Dan was tall and skinny. He always seemed uncomfortable when seated; his knees never could find their proper resting place.
“Hey, bubba,” he said. He was in his boxers, an old white T-shirt, and brand-new tube socks, eating dry raisin bran out of the box and reading the New York Times online. He offered me the cereal. “Breakfast?”
“What the fuck are you doing?” I whispered. “What if I had been someone else?”
“Who else bothers to get here this early?”
I noticed a toiletry kit on his desk. “You didn’t.”
Dan shrugged his bony shoulders. “The floor isn’t very comfortable. I somehow thought it would be.”
“What happened?” I asked.
“I need a break.”
“A break? You have a sweet, mellow daughter who likes to read books. You don’t need breaks. This job is your fucking break.”
“What’s up with the language? A little hostile this morning.”
I didn’t respond.
“Don’t judge me,” Dan continued.
“I’m not judging you. I’m just telling you to go home.”
“I can’t. Julie said she isn’t going to speak to me for one full week.”
“She actually said that?”
“Yes. Starting yesterday. She made it very clear. She drew a circle around the date for reengagement on the family calendar.”
“What did you do?”
“Why do you assume it was me?”
I just looked at him. I suppose we were all a little predictable.
He shrugged. “I’m not telling you.”
“You can be in the house together but not speak,” I said. “It’s easy.

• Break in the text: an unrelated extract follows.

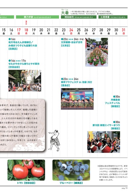 ブルーベリー【練馬区】トマト【世田谷区】●16日祐天寺おえんま様縁日/み魂まつり子ども盆踊り大会【目黒区】●16日▶▶▶17日せたがやホタル祭りとサギ草市【世田谷区】●23日▶▶▶24日東京フラフェスタin池袋2022【豊島区】●30日第19回新宿エイサーまつり【新宿区】●30日沖縄音楽フェスティバル【新宿区】●23日▶▶▶24日〈予定〉文京朝顔・ほおずき市【文京区】※画像は過去開催時のものです。新型コロナウイルスの影響等により、イベントが中止・内容変更となる可能性があります。必ず事前にイベントHP等で詳細をご確認いただきますようお願いいたします。15161718192021222324252627282930金土日月火水木金土日土31日月火水木金めてひらく土潤溽暑つちうるおうてむしあつし鷹乃学習たかすなわちわざをなす桐始結花きりはじめてはなをむすぶ、る。一年で最も暑さが厳しく感じられるころ。アブラゼミが鳴き、「土用の丑」や打ち水、花火大会など、夏の風物詩が目白押し。たいしょ大暑海の日る青年で、真面目に働いていた。ほどなくらいで結婚した二人だが、結婚した途端に々の服は作られなくなり、牛も痩せていった、二人を天の川の両岸に引き離して会え暮れて仕事が手につかない二人を見かねう顛末。ロマンチックだと思っていた七夕ードになってしまった印象だ。それでも、そのーク間の約129億倍)を越えて会いに行くちは計り知れない。今年こそ、心のままに込めよう。July11

My parents built a marriage out of it.”
“It’s uncomfortable.”
“But peaceful.”
I could see that Dan wanted to talk more, but I turned to my computer. I was embarrassed that it actually made me a little bit happy to know that, at the moment, his life was in more of a shambles than mine.

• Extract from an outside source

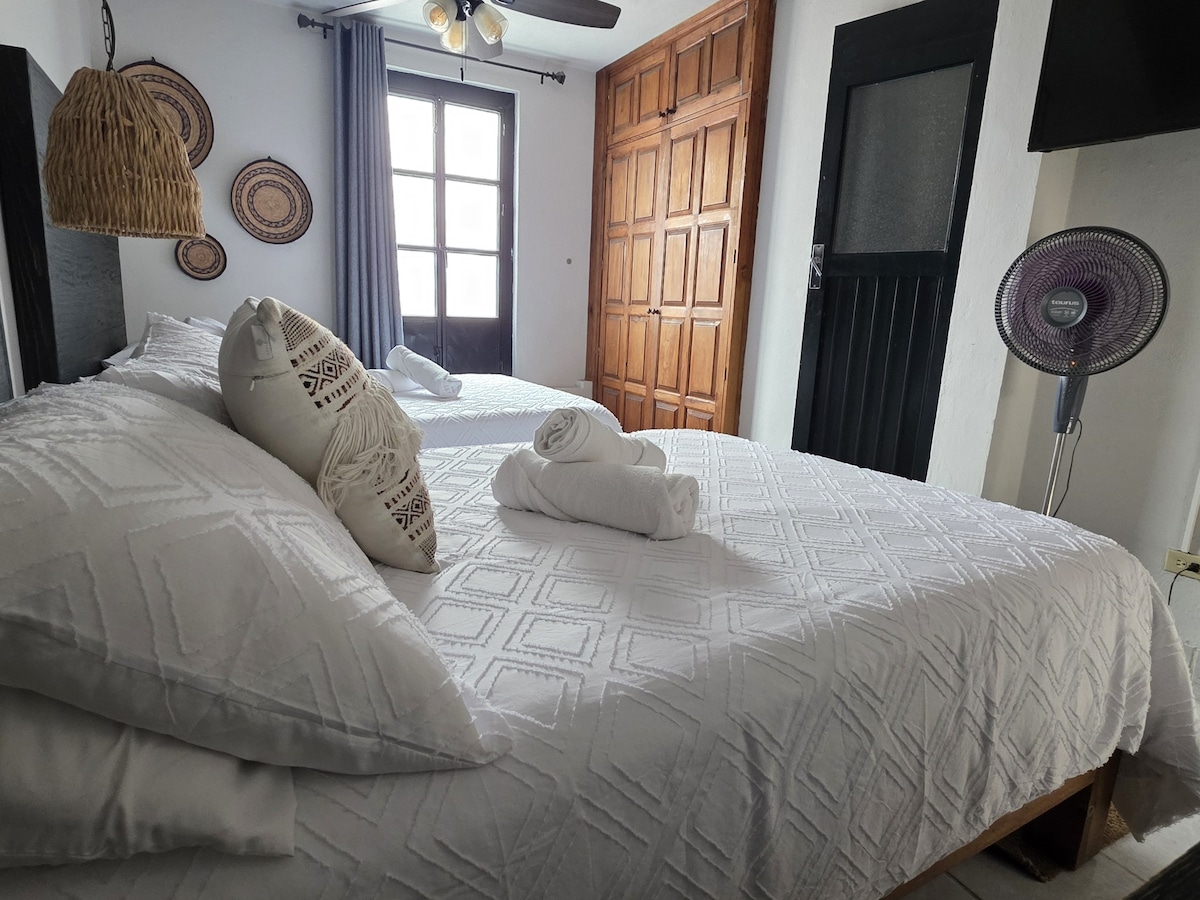 L'habitació 1 ofereix un espai íntim i acollidor, ideal per descansar després d'explorar San Miguel. El seu disseny minimalista, amb tons neutres i detalls moderns, et convida a relaxar-te en un llit còmode, acompanyat de teixits suaus i coixins elegants. La llum natural que entra per la finestra crea un ambient càlid i fresc, perfecte per gaudir d'una estada tranquil·la.

While my computer powered up, I went into the department kitchen and made myself a cup of instant Starbucks coffee, a useful beverage for the long day ahead. I knew I’d need at least two more cups to get me through my classes.
For the next hour, I busied myself with prep by going through my PowerPoint slides, adding one here, removing one there. I knew these lectures by heart. It wouldn’t have made a difference if I’d shown up to campus five minutes before class. But getting here early made me feel that I was working hard.

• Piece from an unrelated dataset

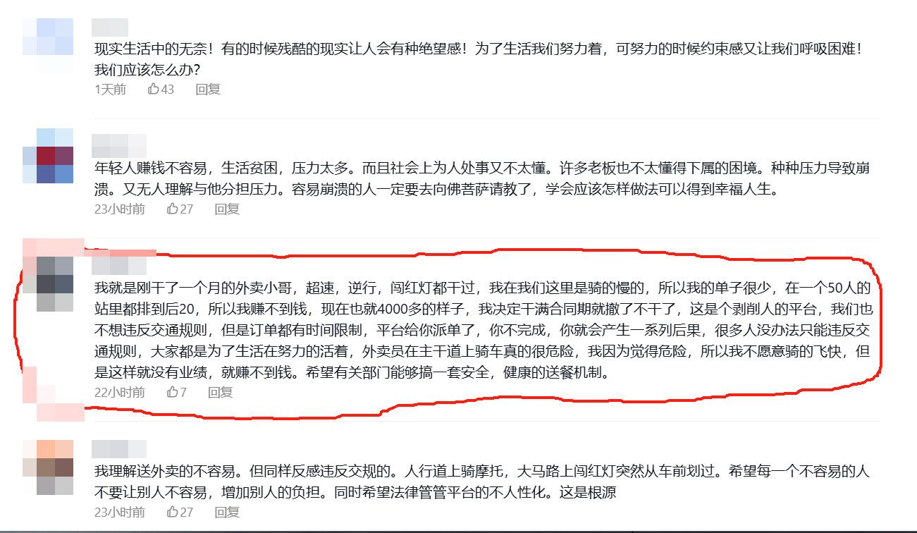 很多人肯定好奇的是,到底是什么让这位外卖小哥如此歇斯底里?后来我在评论区找到了答案。

“You expecting a call?” Dan asked.
“Why?”
“You keep checking your phone.”
“Don’t judge me,” I said, pushing the phone away.
“Did you read this story about Jews in India?”
I ignored him.
He reached out again. “Jews in India?”
“Yes, Dan. Jews in India. Maybe you should convert and move. I’m sure Julie won’t even notice you’re gone.”
“You think your mom wants to convert with me?”
I stuck out my middle finger as I continued to work.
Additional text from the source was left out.